July 29, 2011

bowl of mixed emotions

Being back in MN has been a BIG bowl of mixed emotions. It's great seeing friends and family, hanging out, laughing, BUT I'm stressed with all the things we have to get down before Australia (seriously..nothing has gone right) and on top of that I have found out that I may have to say my final goodbyes to my grandma. I wasn't really prepared for that, I knew she wasn't doing well, but I wasn't ready for this.

If you have read my blog, you may know how much my grandma means to me. She is my everything, she is one of the few people that get me for exactly who I am. I love that when I tell her about our crazy adventures or silly stories she just says, " Well, that's Shoave." She never tells me I'm crazy or that I need to think about what I'm doing and get my priorities straight.  This is one of the many things I love about her! 


I grew up living only 5 miles from my grandparents, we were on the farm and they were in "town". * I actually grew up on the same farm my grandpa, and mom grew up on * Since my grandma lived in town, I stayed with them probably 1/4 of the year. During the school year I walked to school from their place, my grandma helped me practice for my spelling tests, and rollerbladed around in circles in the basement. Being at my grandmas also ment; swimming my days away, reading in bed together, eating popcorn and apples on Sunday nights, watching cable tv, and walking to Dairy Queen for snacks. 

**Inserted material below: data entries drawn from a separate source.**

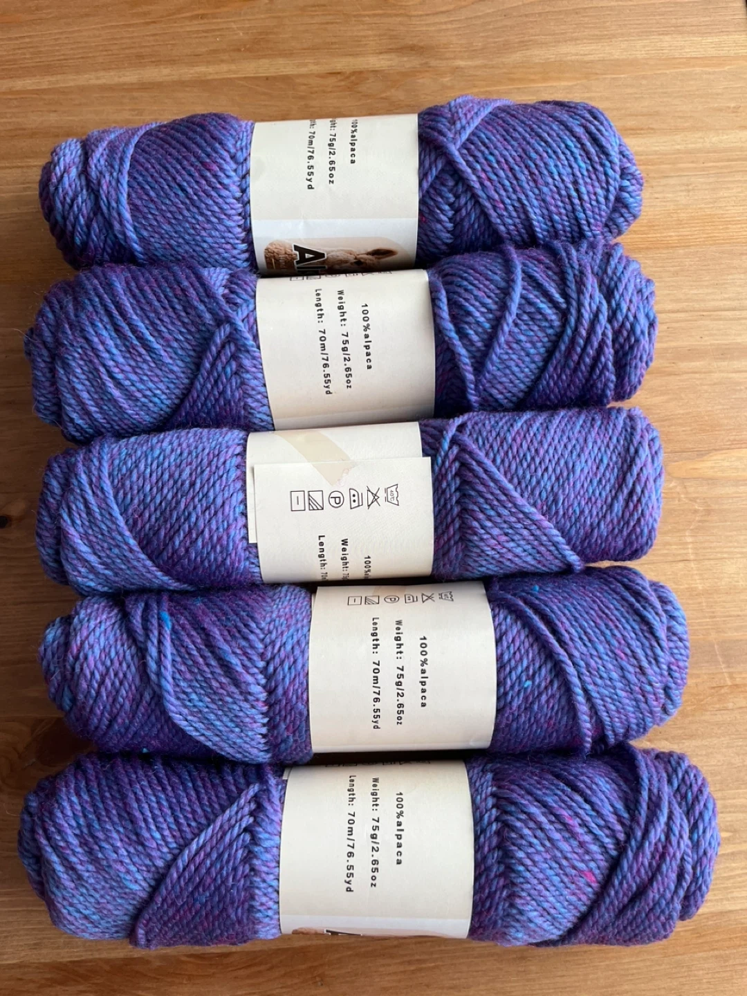 Five skeins of 100% alpaca yarn. Each skein weighs 75g/2.65oz with a length of 70m/76.55yd. This yarn comes in a lovely purple mix colour.
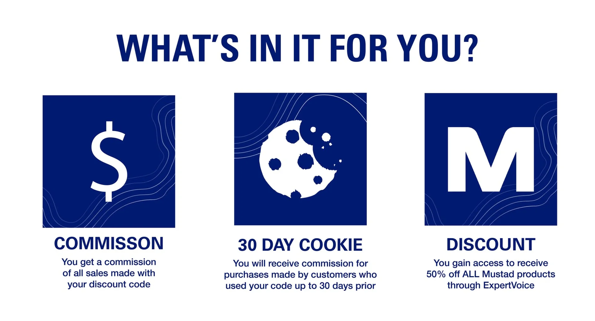 If you are selected, you will be set up with a custom discount code to distribute to your following. You will receive a commission based on all sales generated with your code, which is a standard 20% discount on all products and can go as high as 30% off during peak seasons. You will also become a member of Expert Voice and gain access to personally receive 50% off all Mustad products.
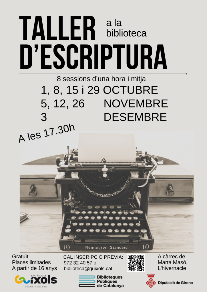 La Biblioteca Pública Octavi Viader i Margarit ha obert les inscripcions pel taller d’escriptura creativa que se celebrarà entre els mesos d’octubre i desembre i que anirà a càrrec de Marta Masó de L’hivernacle.
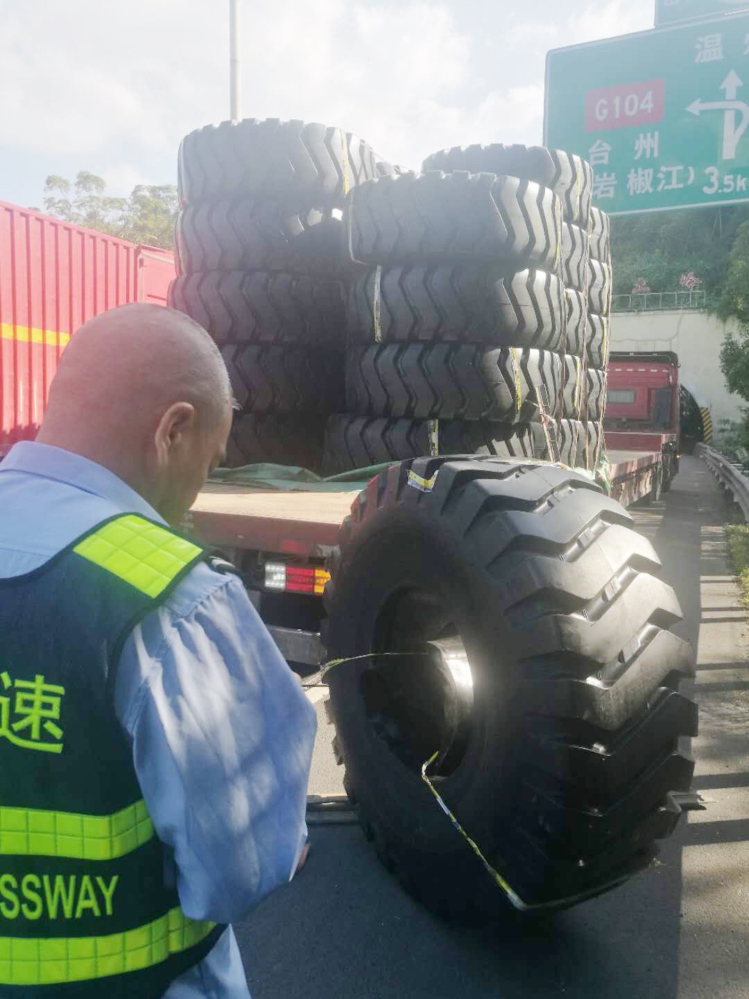 執(zhí)勤隊接警后立即趕往事故地點,一輛運載輪胎的貨車??吭谥鬈嚨?,其中一個巨型輪胎滑落到硬路肩上,致使后方車輛紛紛避讓。為及時消除險情,執(zhí)勤隊快速在現(xiàn)場做好安全警戒工作,同時將現(xiàn)場情況反饋給監(jiān)控中心。由于貨車綁繩索松動,重達300多斤的輪胎脫落在地,隨后執(zhí)勤隊協(xié)同施救中心、駕駛?cè)?/span>員合力將掉落的輪胎先拖至車旁,經(jīng)過長達半個小時的搶險,跌落的貨物終于完好無缺地回到貨車上,道路恢復(fù)暢通。 筆者溫馨提醒:在高速公路行駛過程中,駕駛?cè)藨?yīng)注意將車上的貨物固定好,途中要隨時注意貨物及捆綁繩索是否松動。無論是車輛撒落物還是人為拋灑物,都會給道路安全暢通埋下了重大隱患! 林玲

This picture was taken just over a year ago, this was the last time I saw her. She wasn't her healthiest (she has been sick since my mom passed away 5 years ago) but she was doing good. I took her to her appointments and we went on car rides through the country taking about the past. This year she is at her worst. She is always tired, she sleeps most the day, doesn't have energy to get out of bed or eat. My sister has prepared me for this a bit, but I don't know if you can ever be to prepared. I keep finding more times that we can stop by and see her, I keep putting off having to face saying the final goodbye. I know that I will have my fingers (and toes) crossed while in Australia, that this in fact won't be my last goodbye. 

So keep your fingers and toes crossed with me and help me gain strength to say and do what I need to do.